だが、コービー・ブライアントという19歳の少年が、真っ向からジョーダンに挑み、あそこまで渡り合ったことで、流れは決定的に変わった。
もちろん、まだ荒削りだった。効率の悪いショット、無理な1on1、時には空回りもあった。けれど、コービーには「絶対に自分が頂点に立つ」という信念があった。
それがジョーダンの闘志と響き合った。だからこそ、多くのファンも「あいつならいける」と思ったのだ。
後年に語られた2人の関係
その後、コービーとジョーダンの関係は、ライバルから師弟へと変化していく。ジョーダンは現役引退後、度々コービーと会話を交わし、アドバイスを送っていた。コービーもそれを公言している。
「マイケルは俺にとって兄のような存在だった。」
最初のオールスターでの衝突が、後の深い絆へとつながっていたのだ。
まとめ:1998年のオールスターは“象徴”だった
1998年のNBAオールスターゲーム。それはただの年中行事ではなかった。マイケル・ジョーダンという偉大な存在の最終章と、コービー・ブライアントという新たなスターの序章が交差する、歴史的な瞬間だった。

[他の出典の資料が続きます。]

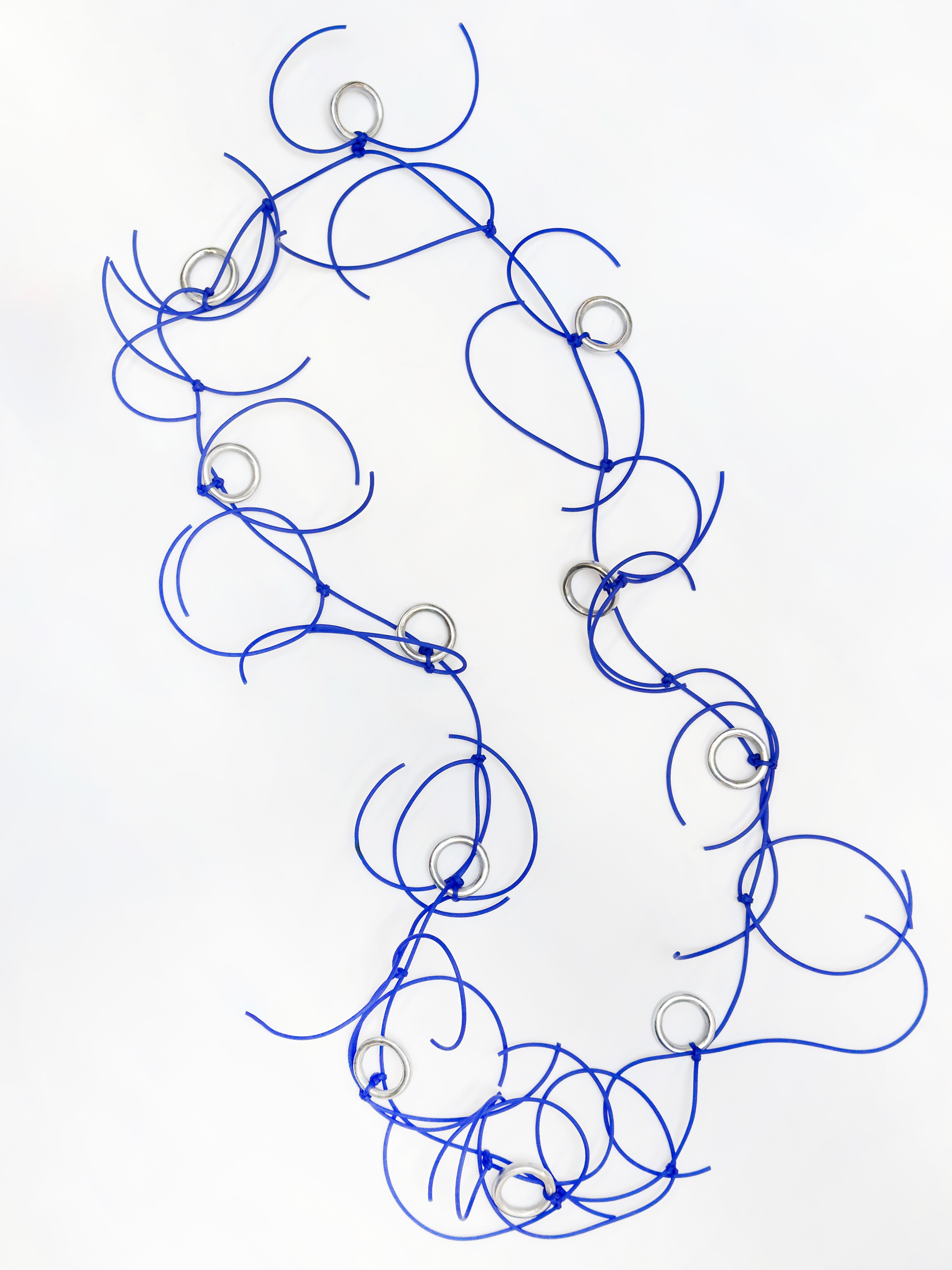 SAMUEL CORAUX Metal Rings and Blue Plastic Cord Necklace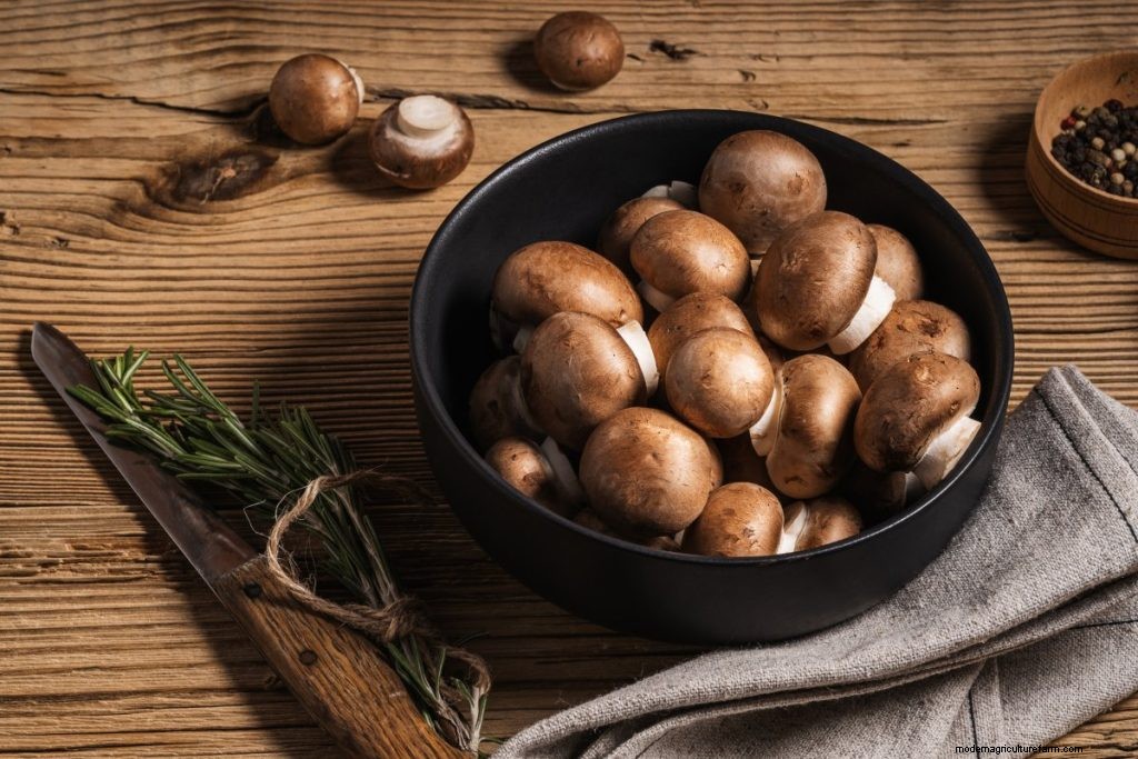 When you leave a button mushroom to fully mature, it develops a large brown cap and stronger flavors and becomes a portobello mushroom.
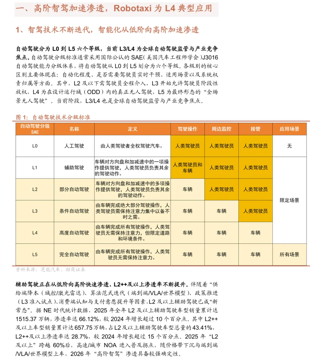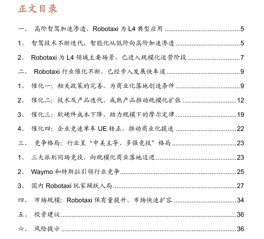 摘要:2026年Robotaxi行业进入规模化商业化关键期,政策放开、技术成熟、成本下降、单位经济模型转正四大催化共振。行业呈现中美主导、多强竞技格局,Waymo、特斯拉领跑全球,小马智行、文远知行、萝卜快跑等国内头部企业已在核心城市实现单车盈利。预计2025-2030年全球自动驾驶出行市场CAGR达232.7%,中国增速253.6%。投资聚焦车企、运营平台及供应链,推荐特斯拉、小鹏、小马智行、文远知行,关注德赛西威、禾赛科技等核心零部件标的,提示行业进展、安全与竞争风险。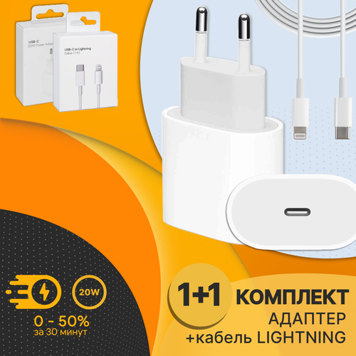 Быстрая зарядка (20W)Type C для айфона+ кабель USB-C - Lightning/Зарядное устройство для телефона (20Вт)/ Зарядка (20W)для Apple iPhone/ iPad/ AirPods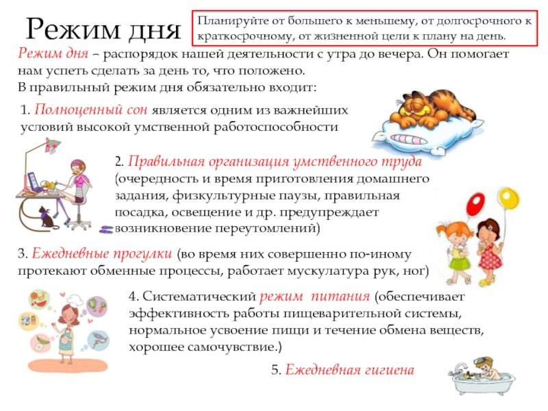 2. Правильная организация умственного труда (очередность и время приготовления домашнего задания, физкультурные паузы, правильная посадка, освещение и др. предупреждает возникновение переутомлений)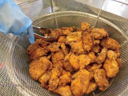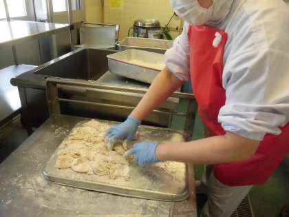☆今日の鶏肉の唐揚げは、給食室で下味をつけ、1枚1枚に粉をつけて給食室の大釜で揚げました。全校分なので600枚以上の鶏肉を調理員さん達が揚げてます。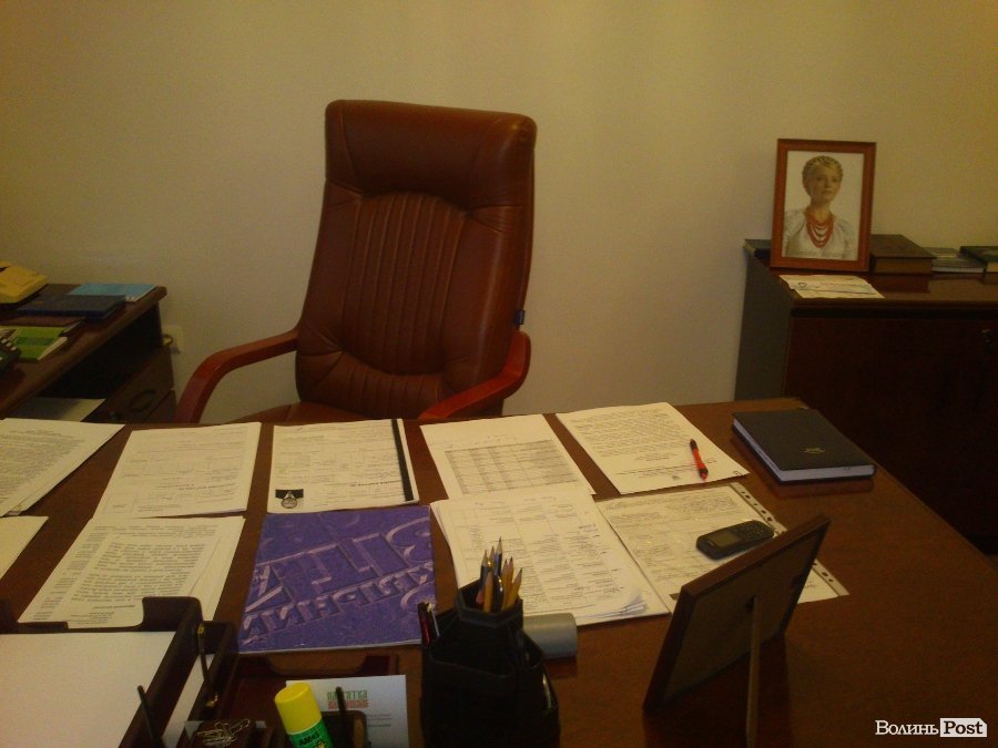 У кабінеті, де працює голова Волинської ОДА Григорій Пустовіт, знайшлося місце для портрета лідера ВО «Батьківщина» Юлії Тимошенко.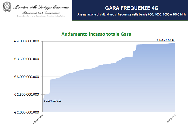L’incasso totale di 3.945.295.100 euro va ben oltre le aspettative dato che l’offerta iniziale era di circa 2,3 miliardi di euro. Come ha sostenuto il Ministro dello Sviluppo Economico Paolo Romani, “è un risultato straordinario che pone l’Italia in una posizione d’avanguardia rispetto all’Europa. In una situazione di mercato difficile, siamo riusciti ad attrarre una mole ingente di investimenti”.

コービーがあそこでジョーダンに挑まなければ、何かが欠けていたかもしれない。そして、ジョーダンがそれに本気で応じなければ、次の時代は育たなかったかもしれない。
19歳の挑戦者と、35歳の王者。その火花が、NBAというリーグの魅力を世界に再認識させたのだ。
あの一夜こそが、「NBAは続いていく」という希望そのものだった。